Amos T. Akerman of Georgia, Grant’s second attorney general, was “honest and
incorruptible” and “devoted to the rule of law.” When Congress created the
Department of Justice the same week as his appointment, the attorney general
became overnight the head of “an active department with a substantial array of new
powers.” Those powers were sorely needed to fight the Klan and what Chernow
appropriately calls “the worst outbreak of domestic terrorism in American history.”

Grant signed three bills, collectively known as the Enforcement Acts, to
strengthen federal powers in combating Klan terrorism, which had already claimed
thousands of lives, the vast majority of them black. After the laws were in force,
“federal grand juries, many interracial, brought 3,384 indictments against the
K.K.K., resulting in 1,143 convictions.” Almost as important as the convictions was
the message they sent. As Akerman told his district attorneys, “If you cannot convict,
you, at least, can expose, and ultimately such exposures will make the community
ashamed of shielding the crime.”

By the end of his first term, scandals had begun to take their toll, but at the
same time the Klan — at least in its original incarnation — had been essentially
destroyed. “Peace has come to many places as never before,” declared Frederick
Douglass, an ally and admirer of Grant’s. “The scourging and slaughter of our people
have so far ceased.” However short-lived, it was an important victory not only for an
enlightened version of Reconstruction but also for the beneficial use of the powers of
the federal government to promote the general welfare and safety of all Americans,
not just some.

As president, Grant appointed a record number of African-Americans to
government positions all across the board, including the first black diplomat.
Douglass once noted “in one department at Washington I found 249” black
appointees, “and many more holding important positions in its service in different
parts of the country.” Early in his presidency and at the height of his popularity,
Grant had also been a booster of the 15th Amendment, giving former slaves the vote,
and many believe his support was key to its ratification by the states, which was far
from guaranteed.

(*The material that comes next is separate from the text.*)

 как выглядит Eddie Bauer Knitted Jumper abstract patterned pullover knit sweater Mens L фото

Grant himself minced no words in describing the magnitude of the
amendment’s passage, saying in a message to Congress upon its ratification, “The
adoption of the 15th Amendment ... constitutes the most important event that has
occurred, since the nation came into life.” He knew the right to vote is the heart of
democracy and did not hesitate to defend it, a legacy today’s Supreme Court and
Republicans in Washington and across the country should embrace, not abandon.

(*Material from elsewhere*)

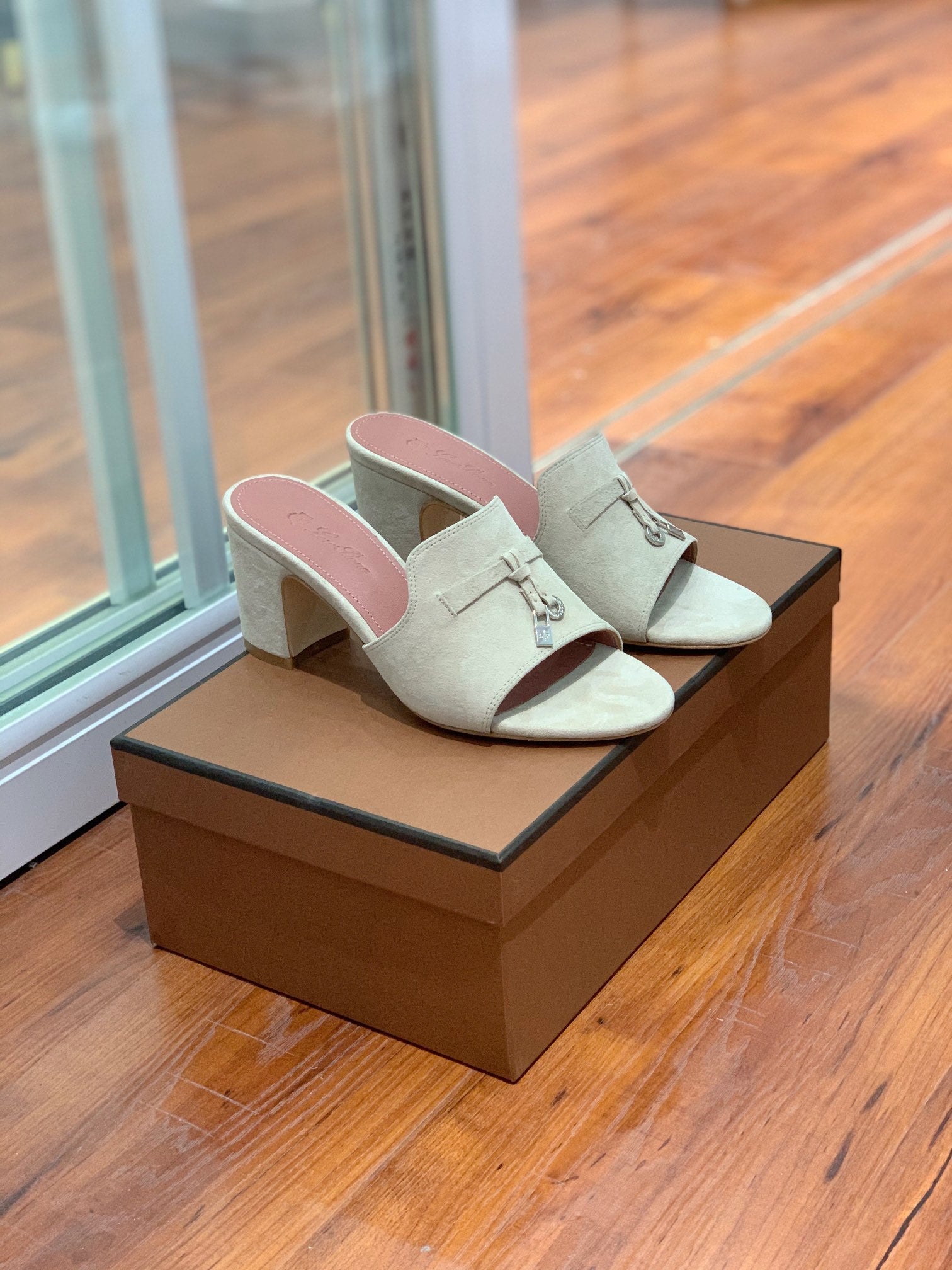 Summer Charms Mules 80 Taupe Suede Pink Lambskin

Chernow shows a fine balance in exposing Grant’s flaws and missteps as
president, and the ill-fated turn that Reconstruction took after a promising start,
while making it clear that Grant’s contributions after Appomattox were as
consequential to the survival of our democracy as any that came before. As
Americans continue the struggle to defend justice and equality in our tumultuous
and divisive era, we need to know what Grant did when our country’s very existence
hung in the balance. If we still believe in forming a more perfect union, his steady
and courageous example is more valuable than ever.